Continuous ship unloading (CSU) efficiency



Tomas Kisslinger, Managing Director, NEUERO Industrietechnik, GmbH, Melle, Germany


This paper compares the use of pneumatic and mechanical unloaders mainly for grain. Therefore it gives a brief overview of what options are available in the market but also goes into more detail with a comparison between chain type mechanical vs. pneumatic unloaders.

Efficiency = average capacity/maximum capacity

The goal is to develop an unloader that achieves higher performance by increasing the average capacity, therefore making better use of the complete installation.

The ideal case would be average = maximum, but this is impossible to achieve due to a series of variables, including some of which that are not even equipment related, including rain delays or the amount of visits to each hatch for ship stability.

Pneumatic CSU developments

The development of software which uses frequency inverters to control turbo blower rotation speed has resulted in a more constant capacity during operations. It has also increased the ability to control the unloaded capacity. This helps when materials with different specific weights are unloaded or capacity needs to be adjusted to match receiving conveyors.

By traditional design the boom should reach the centre of the hatch to achieve ship stability. However, a longer boom would allow one to reach the hatch corners  resulting in the need to move less material with payloaders, while bigger payloaders for the clean up work would also help.
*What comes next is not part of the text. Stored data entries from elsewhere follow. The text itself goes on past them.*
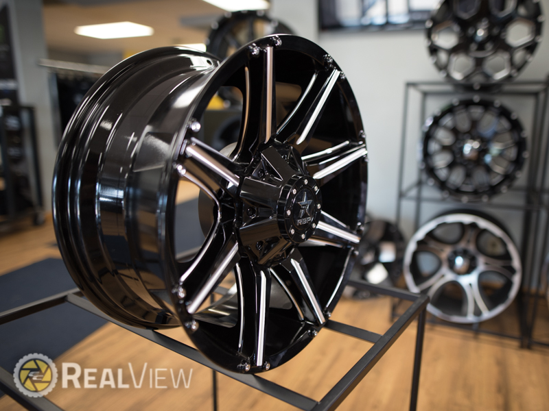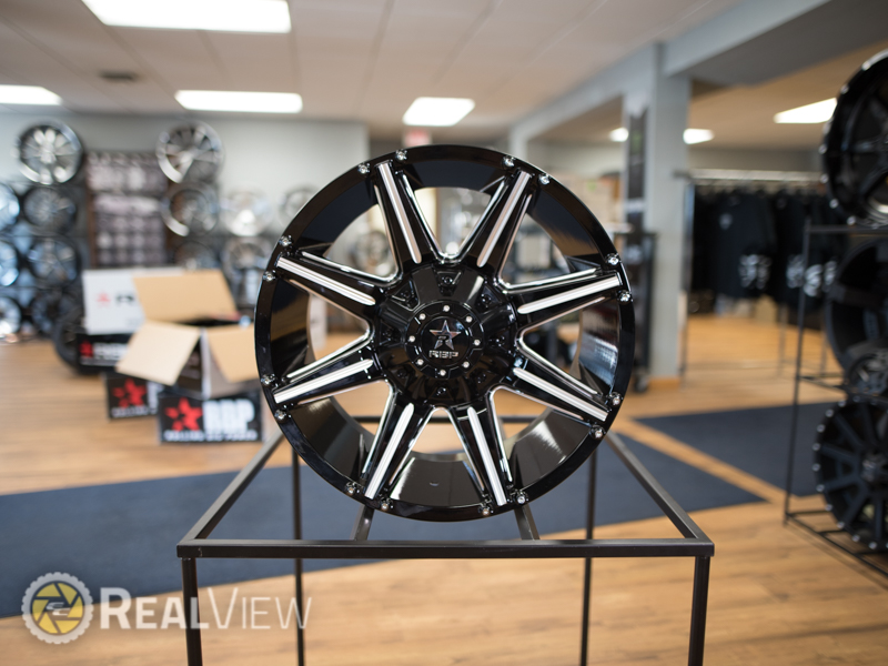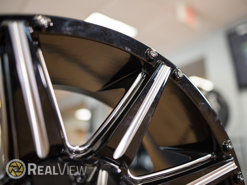 Gloss Black W/ CNC Accents Rolling Big Power 98R Wheel (Series 98RBG). One Piece Aluminum. Open Lugs.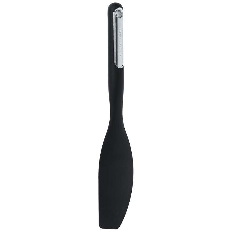 • A flexible silicone head with curved sides are ideal for mixing, scooping, and scraping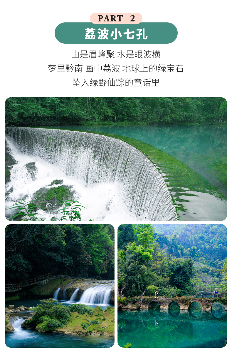 (行程安排会根据天气和道路交通情况,小七孔景区和西江千户苗寨游览顺序可能会做调整。)

With these measurements, it is possible to achieve 75 per cent capacity with pneumatic unloaders.

As you can see, it is not only the unloader itself but all of the receiving conveyors which determine the maximum capacity of the system; i.e. the system is only as strong as the weakest link in the chain.

CSU principles

The principle of CSU is to avoid peak unloading by distributing materials in time at the receiving conveyors. 

CSU types

The main CSU groups are mechanical and pneumatic. The mechanical group can be divided into belt, screw, chain and bucket conveying types.

Average compared with batch

CSU is normally compared with a traditional grab batch unloading system. The grab capacity is calculated on the basis of the movement cycle. A buffer is needed to distribute the material load along the cycle, avoiding the extreme peak. CSU does not need a buffer because the peak is not distributed in time cycles, but instead it is continuously transporting material. The consequence of this is normally a lower weight and the fact that operations are environmental enclosed.

Chain X Pneumatic

A regular chain unloader is used in the same application as apneumatic unloader because they do not have a feeder, but instead use a free flowing characteristic to feed the unloader. However, this is where the similarities end. The pneumatic unloader is the only CSU that picks up material from the bottom of the hatch. Figure 1 and Figure 3 show it can act like a vacuum cleaner, and remove all products from the hatch.

The chain however relies on product pressure to introduce the material in the chain through. The product pressure is achieved by a product column. Looking at Figure 2, the material height is shown as h1 while the remaining height which does not to hit the bottom of the hatch is shown as h2. The distance of the chain unloader from the bottom is dependent on the chain size (2-3m). The design characteristic of the chain system makes it difficult to achieve better average capacities, especially when only one unloader is available and no pneumatic system is available. In many cases portable pneumatic units are used to get better results, although they increase the operating cost.

Capacity definitions

There are many types of capacity, including, for example, nominal, project, peak and average.


Nominal capacity is defined by the equipment, normally the maximum capacity it can reach.